A real element of Socratic teaching, which is more prominent
in the Republic than in any of the other Dialogues of Plato,
is the use of example and illustration ('taphorhtika auto
prhospherhontez'): "Let us apply the test of common instances."
"You," says Adeimantus, ironically, in the sixth book, "are so
unaccustomed to speak in images." And this use of examples or images,
though truly Socratic in origin, is enlarged by the genius of Plato
into the form of an allegory or parable, which embodies in the concrete
what has been already described, or is about to be described,
in the abstract. Thus the figure of the cave in Book VII
is a recapitulation of the divisions of knowledge in Book VI.
The composite animal in Book IX is an allegory of the parts of the soul.
The noble captain and the ship and the true pilot in Book VI are a
figure of the relation of the people to the philosophers in the State
which has been described. Other figures, such as the dog in
the second, third, and fourth books, or the marriage of the portionless
maiden in the sixth book, or the drones and wasps in the eighth
and ninth books, also form links of connection in long passages,
or are used to recall previous discussions.

Plato is most true to the character of his master when he describes
him as "not of this world." And with this representation of him
the ideal State and the other paradoxes of the Republic are quite
in accordance, though they can not be shown to have been speculations
of Socrates. To him, as to other great teachers both philosophical
and religious, when they looked upward, the world seemed to be
the embodiment of error and evil.

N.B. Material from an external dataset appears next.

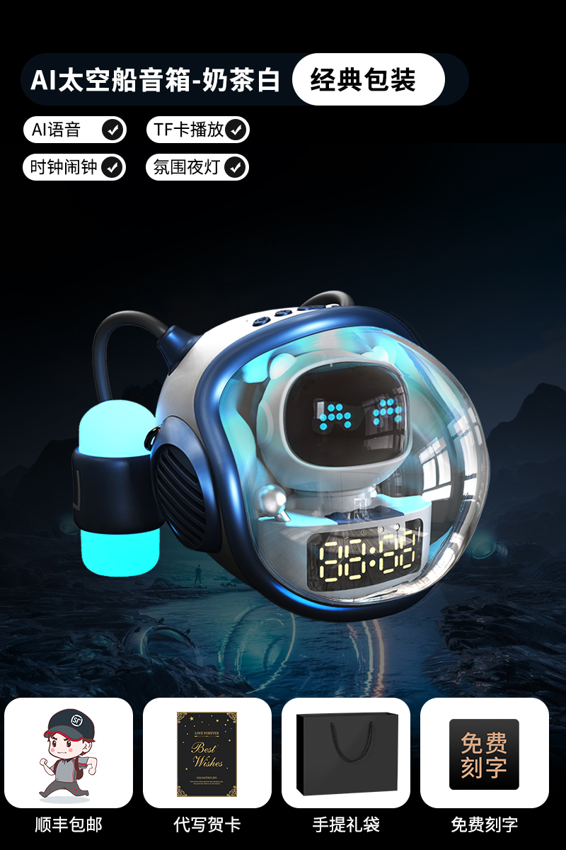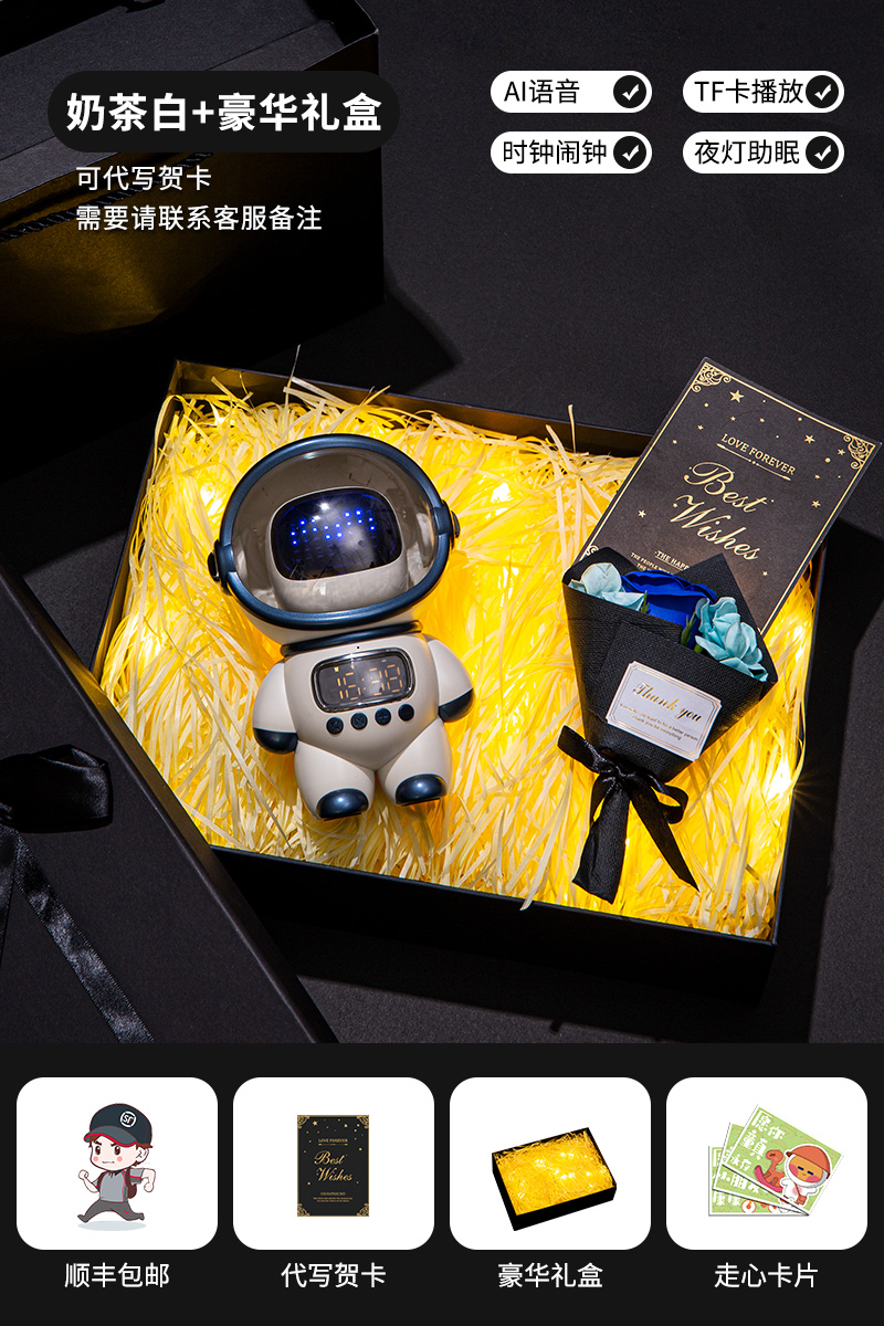 white-astronaut packaging [ai voice, speaker, alarm clock, night light]]

The common sense of mankind has
revolted against this view, or has only partially admitted it.
And even in Socrates himself the sterner judgment of the multitude
at times passes into a sort of ironical pity or love. Men in general
are incapable of philosophy, and are therefore at enmity with
the philosopher; but their misunderstanding of him is unavoidable:
for they have never seen him as he truly is in his own image;
they are only acquainted with artificial systems possessing no
native force of truth--words which admit of many applications.

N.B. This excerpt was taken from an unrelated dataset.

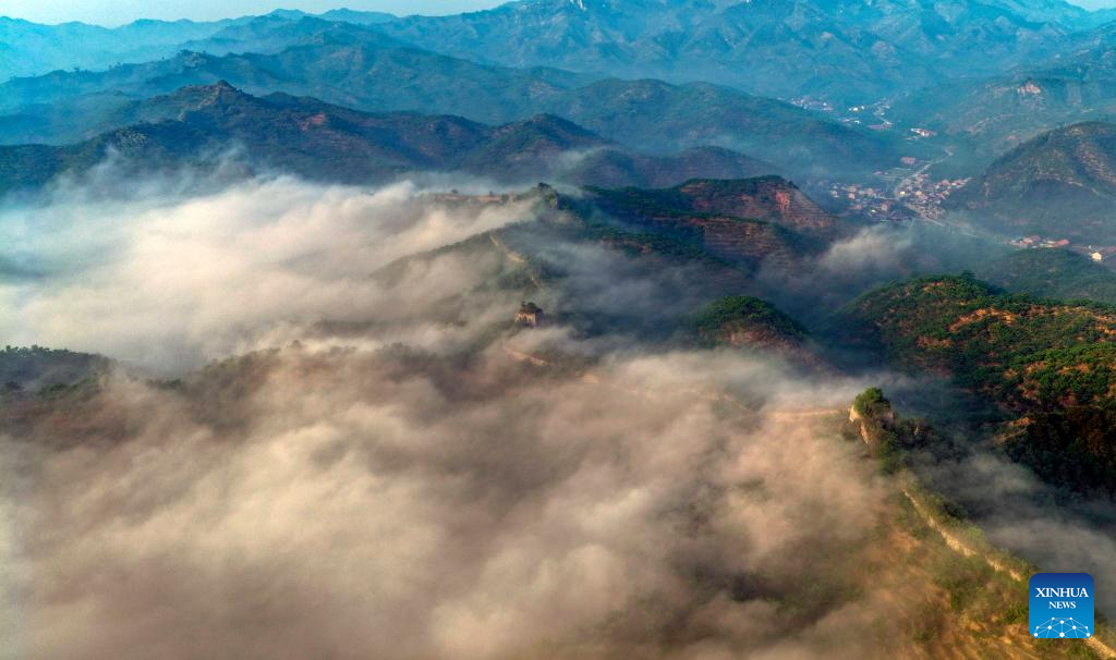 An aerial drone photo taken on May 16, 2025 shows the morning scenery of the Hongshankou Great Wall in Xiaochang Township, Zunhua City of north China's Hebei Province. (Photo by Liu Mancang/Xinhua)

Their leaders have nothing to measure with, and are therefore ignorant
of their own stature. But they are to be pitied or laughed at,
not to be quarrelled with; they mean well with their nostrums,
if they could only learn that they are cutting off a Hydra's head.
This moderation towards those who are in error is one of
the most characteristic features of Socrates in the Republic.
In all the different representations of Socrates, whether of Xenophon
or Plato, and the differences of the earlier or later Dialogues,
he always retains the character of the unwearied and disinterested
seeker after truth, without which he would have ceased to
be Socrates.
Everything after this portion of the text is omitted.